Every entry should be duplicated verbatim, and no picture may appear in the copy.

═══ DATASET ENTRIES

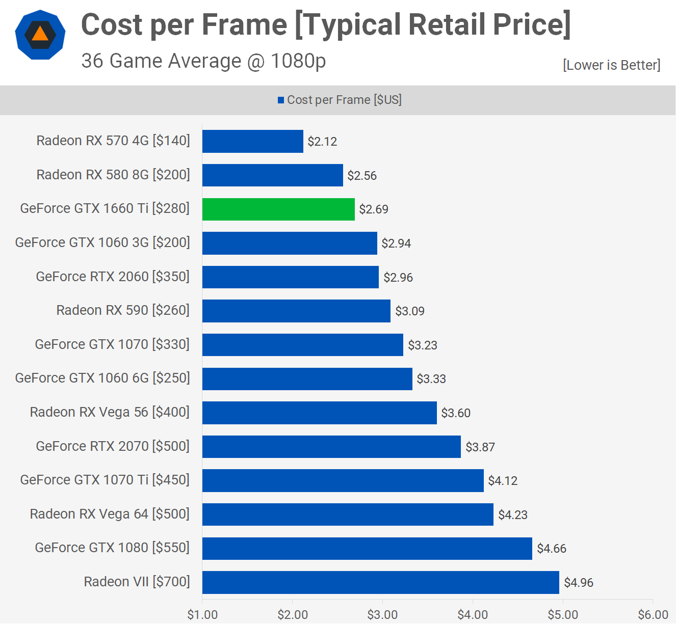 La GeForce GTX 1660 Ti est un niveau entier supérieur à celui du RX 580. Il est donc tout simplement fantastique que ce GPU offre un coût similaire par image.
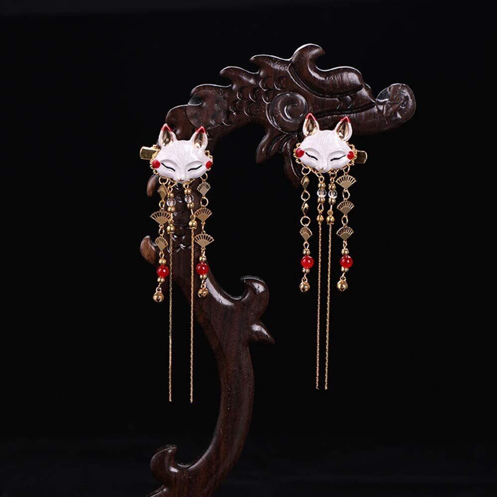 キツネ タッセル 髪飾り 2個セット 扇 ヘアクリップ ヘアアクセサリー 漢風 中華風 漢服 和装 浴衣 着物に適用
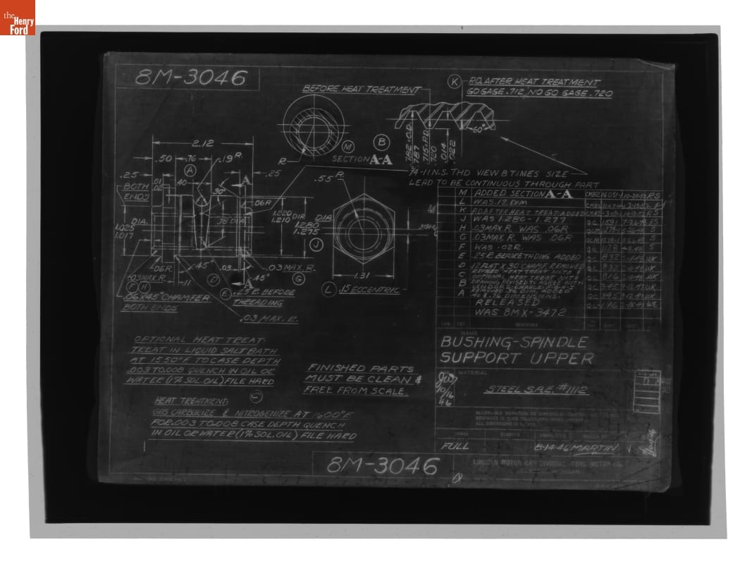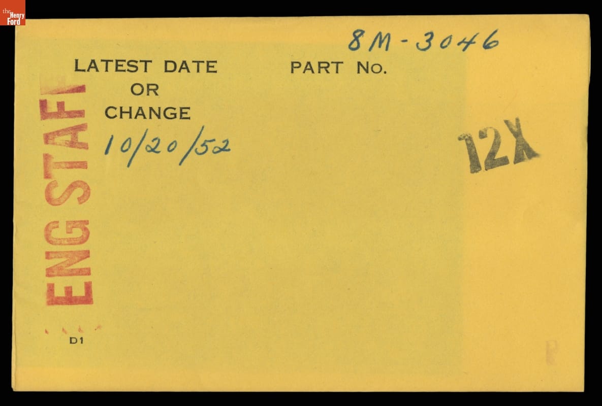 The Ford Motor Company created over a million parts drawings from 1903 to 1957. Many of these drawings specify engineering requirements for the components of Ford-made vehicles--including automobiles, trucks, tractors, military vehicles and Tri-motor airplanes. Others document assembly components, stages of casting and forging, or experimental designs. Beginning in the 1940s, Ford transferred the drawings to microfilm.
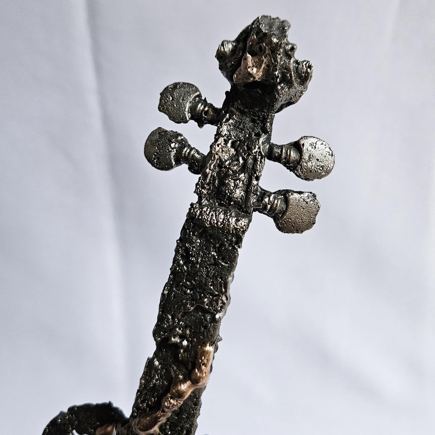 L'artiste a utilisé les techniques Bronze, Métal pour créer cette sculpture moyen format en Métal de style Figuratif sur les thèmes Minimaliste, Musique, Scènes de vie.
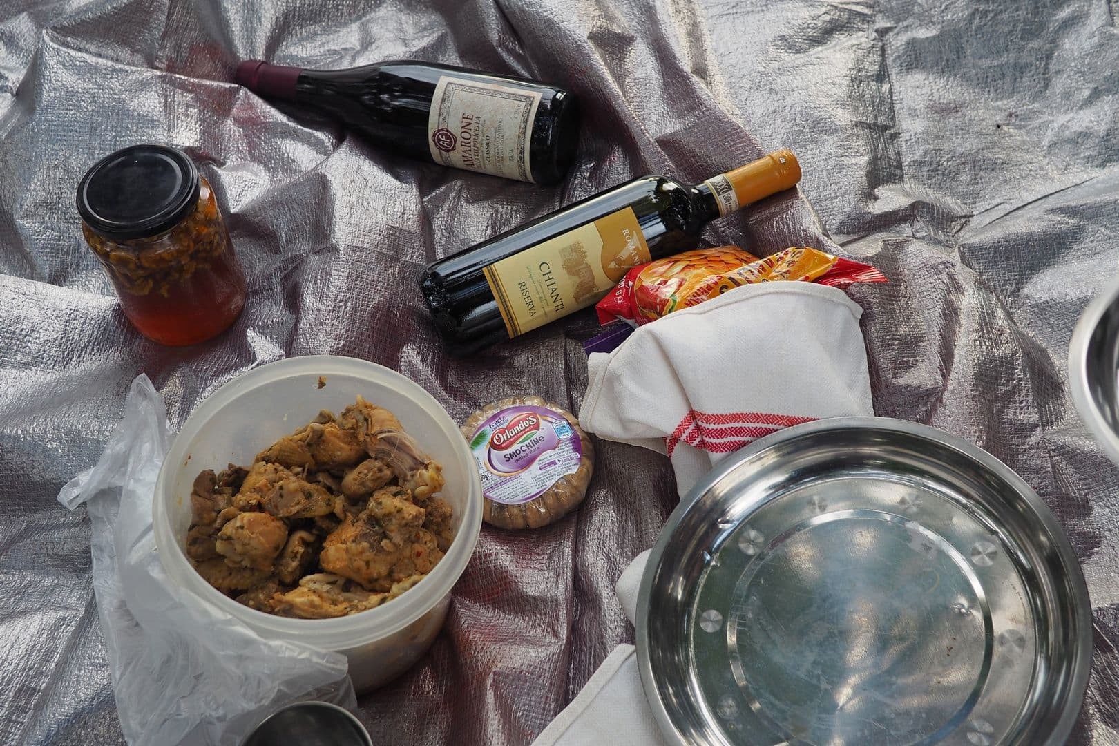 Deasupra capetelor noastre, norii se adună la greu, dar noi bem vin Chianti și nu vorbim despre viață, ci o trăim savurând fiecare secundă. Apoi cade brusc potopul, înainte să fi apucat să întindem corturile. O facem într-o stare de panică euforică, uzi ca niște găini.
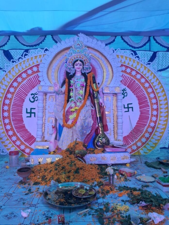 সকালে প্রতিমা প্রতিষ্ঠার মাধ্যমে পূজার আনুষ্ঠানিকতা শুরু হয়। এরপর বাণী অর্চনা, হাতে খড়ি, পুষ্পাঞ্জলি ও প্রসাদ বিতরণের মধ্য দিয়ে দিনব্যাপী পূজার কার্যক্রম সম্পন্ন হয়। পূজা উপলক্ষে কেন্দ্রীয় মন্দির প্রাঙ্গণে ভক্তিময় পরিবেশের সৃষ্টি হয়।
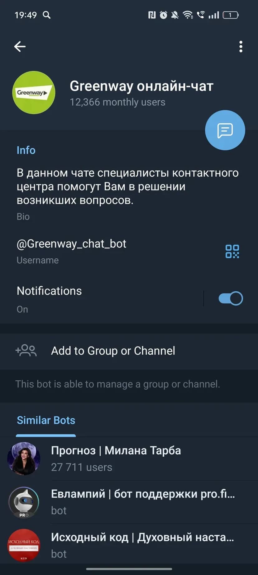 Консультации контактного центра Greenway в чате Telegram — быстро и удобно

══════

### ANSWER BOX
 La GeForce GTX 1660 Ti est un niveau entier supérieur à celui du RX 580. Il est donc tout simplement fantastique que ce GPU offre un coût similaire par image.
 キツネ タッセル 髪飾り 2個セット 扇 ヘアクリップ ヘアアクセサリー 漢風 中華風 漢服 和装 浴衣 着物に適用
 The Ford Motor Company created over a million parts drawings from 1903 to 1957. Many of these drawings specify engineering requirements for the components of Ford-made vehicles--including automobiles, trucks, tractors, military vehicles and Tri-motor airplanes. Others document assembly components, stages of casting and forging, or experimental designs. Beginning in the 1940s, Ford transferred the drawings to microfilm.
 L'artiste a utilisé les techniques Bronze, Métal pour créer cette sculpture moyen format en Métal de style Figuratif sur les thèmes Minimaliste, Musique, Scènes de vie.
 Deasupra capetelor noastre, norii se adună la greu, dar noi bem vin Chianti și nu vorbim despre viață, ci o trăim savurând fiecare secundă. Apoi cade brusc potopul, înainte să fi apucat să întindem corturile. O facem într-o stare de panică euforică, uzi ca niște găini.
 সকালে প্রতিমা প্রতিষ্ঠার মাধ্যমে পূজার আনুষ্ঠানিকতা শুরু হয়। এরপর বাণী অর্চনা, হাতে খড়ি, পুষ্পাঞ্জলি ও প্রসাদ বিতরণের মধ্য দিয়ে দিনব্যাপী পূজার কার্যক্রম সম্পন্ন হয়। পূজা উপলক্ষে কেন্দ্রীয় মন্দির প্রাঙ্গণে ভক্তিময় পরিবেশের সৃষ্টি হয়।
 Консультации контактного центра Greenway в чате Telegram — быстро и удобно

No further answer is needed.